The figure below illustrates an example: (a) shows a set of points, determined by the lengths of
the circular arcs that have adjacent points as extremes; and (b) shows the two triangles which can be
built with these points.

image.png

Input
The first line of the input contains an integer N, the number of points given.
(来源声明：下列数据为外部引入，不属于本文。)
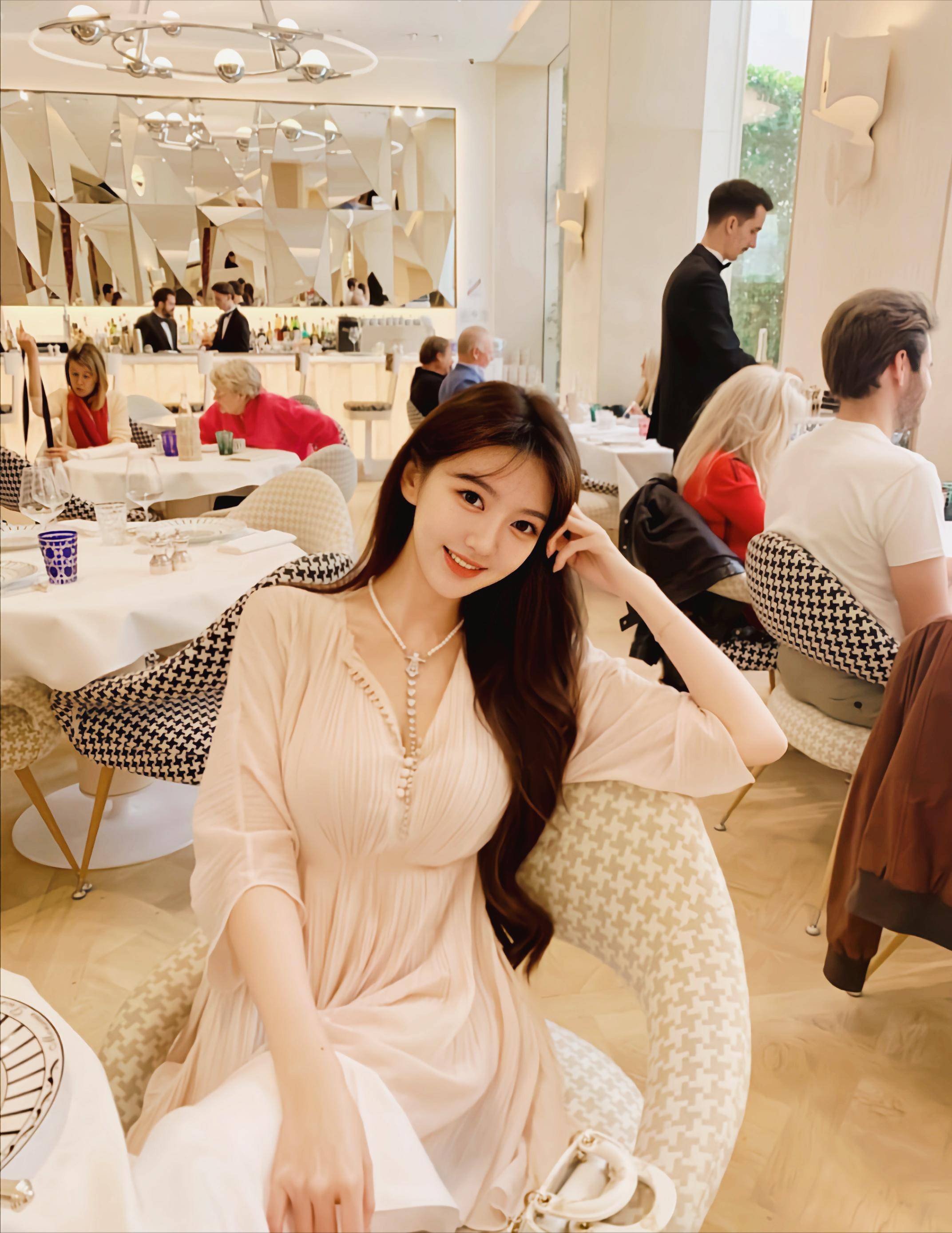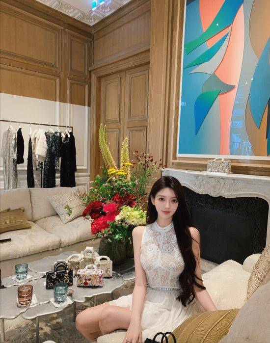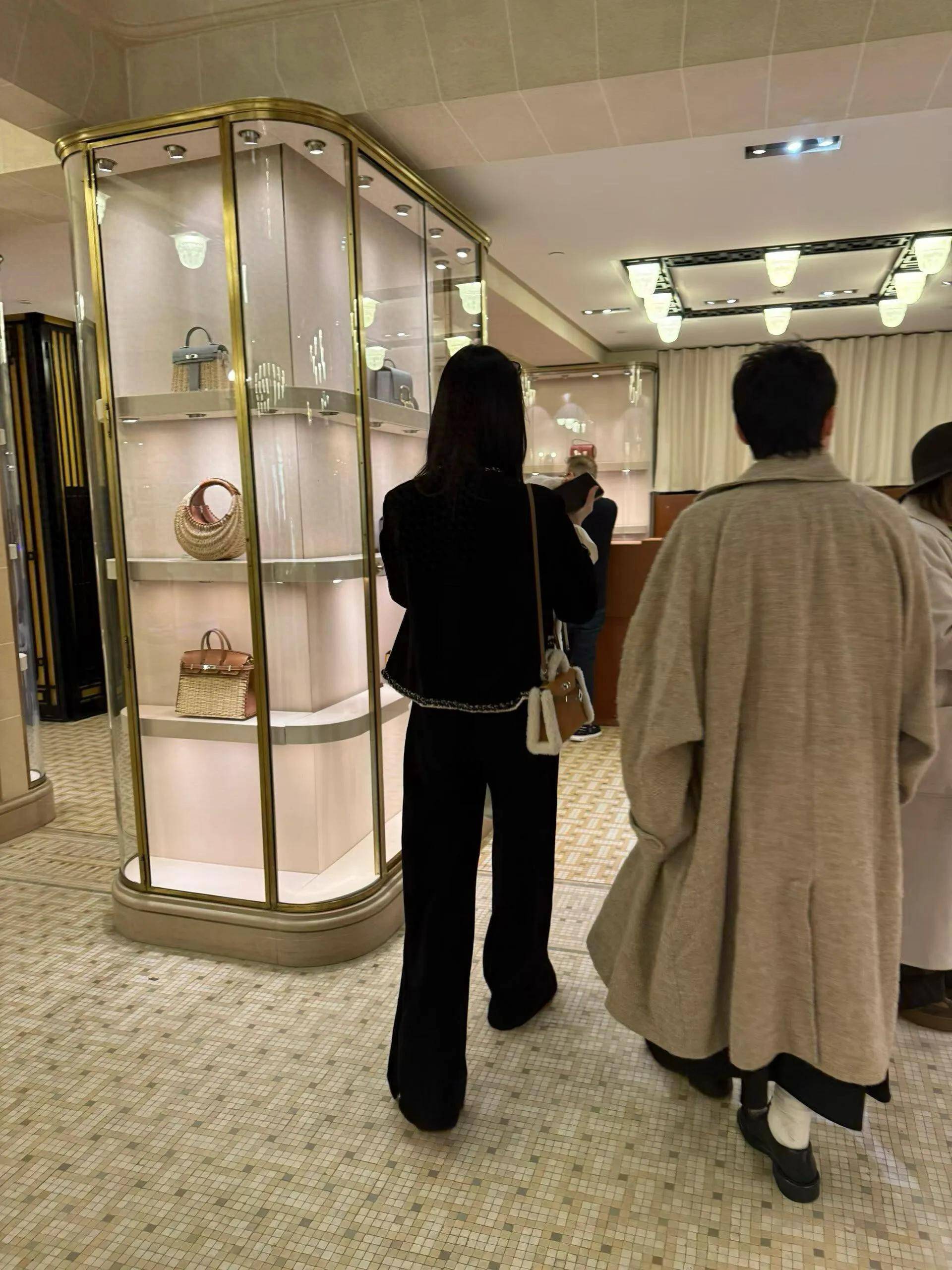 奚梦瑶在巴黎爱马仕总店购物的照片,奚梦瑶一身香奈尔装扮,尽显名媛风范。网友纷纷称赞她“又瘦又高又美”。
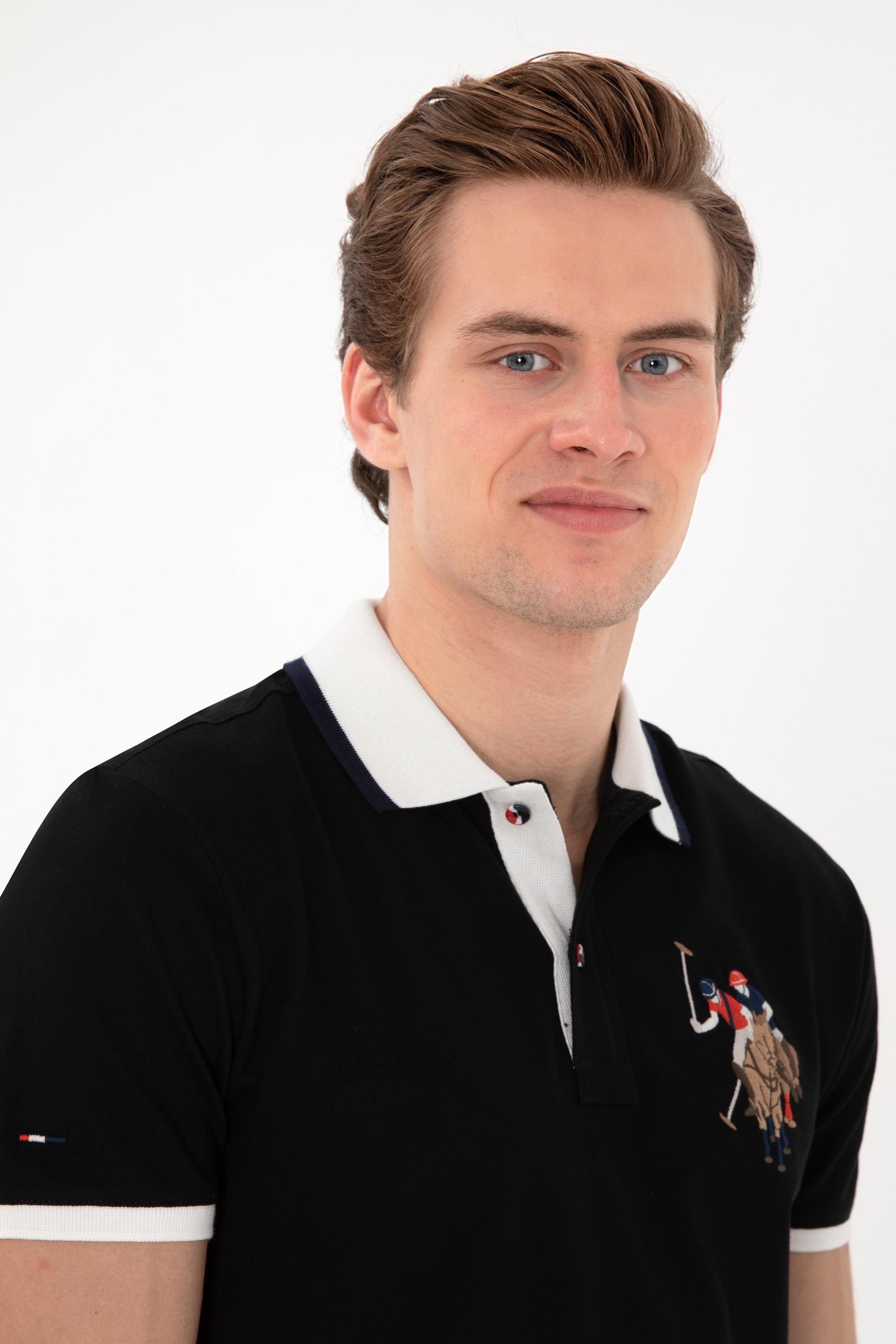 - Erkek Slim Fit Polo Yaka Siyah Basic Tişört

The second line contains
N integers Xi
, representing the lengths of the circular arcs between two consecutive points in the
circle: for 1 ≤ i ≤ (N − 1), Xi represents the length of the arc between between points i and i + 1;
XN represents the length of the arc between points N and 1.
Output
Your program must output a single line, containing a single integer, the number of distinct equilateral
triangles that can be constructed using the given points as vertices.
Restrictions
• 3 ≤ N ≤ 105
• 1 ≤ Xi ≤ 103
, for 1 ≤ i ≤ N
Examples
Input
8
4 2 4 2 2 6 2 2
Output
2
Input
6
3 4 2 1 5 3
Output
1

原题链接：https://odzkskevi.qnssl.com/1627a677139fc8e306696b4e41953e0f?v=1533137884 //Problem F

题意：圆上N个点把弧长分为N条，问能构成几个等边三角形

解题思路：一来就打算用弧长算出边长再比较的我是真的思路清奇，弧长相等即可。
一开始过于复杂度太高超时，用前缀和和二分算法优化了；
但直接弧长后卡在第4组测试数据；
这是一个圆，是成圈圈的，不是只能到头，所以我判定两次之后再把答案整除三即可得到正确答案。

AC代码：

#include<bits/stdc++.h>
#define ll long long
using namespace std;
const int maxn=10000005;
int a[maxn];
ll pre[maxn*2];
 
int main()
{
    int n,i,j,k;
    cin>>n;
    ll sum=0;
    for(i=0;i<n;i++)
    {
        
        cin>>a[i],sum+=a[i];
        a[i+n]=a[i];
    }
    pre[0]=a[0];
    for(i=1;i<2*n;i++)
    pre[i]+=pre[i-1]+a[i];
    if(sum%3)
    {
        cout<<"0"<<endl;
        return 0;
    }
    ll t=sum/3,s=0,temp;
    for(i=0;i<n;i++)
    {
        ll c;
        if(i)
            c=pre[i-1]+t,temp=i-1;
        else
            c=t,temp=i;

        bool flag=0;
        int x=lower_bound(pre,pre+2*n,c)-pre;       
        if(x>=i+n)
            flag=1;
        
        if(flag)
            continue;

        c=pre[x]+t;temp=x;
        x=lower_bound(pre,pre+2*n,c)-pre;

        if(x>=i+n)
            flag=1;
        if(flag)
            continue;
        c=pre[x]+t;temp=x;
        x=lower_bound(pre,pre+2*n,c)-pre;

        if(x>=i+n)
            flag=1;
        if(flag)
            continue;
        if(!flag)
            s++;
    }
    cout<<s/3;
}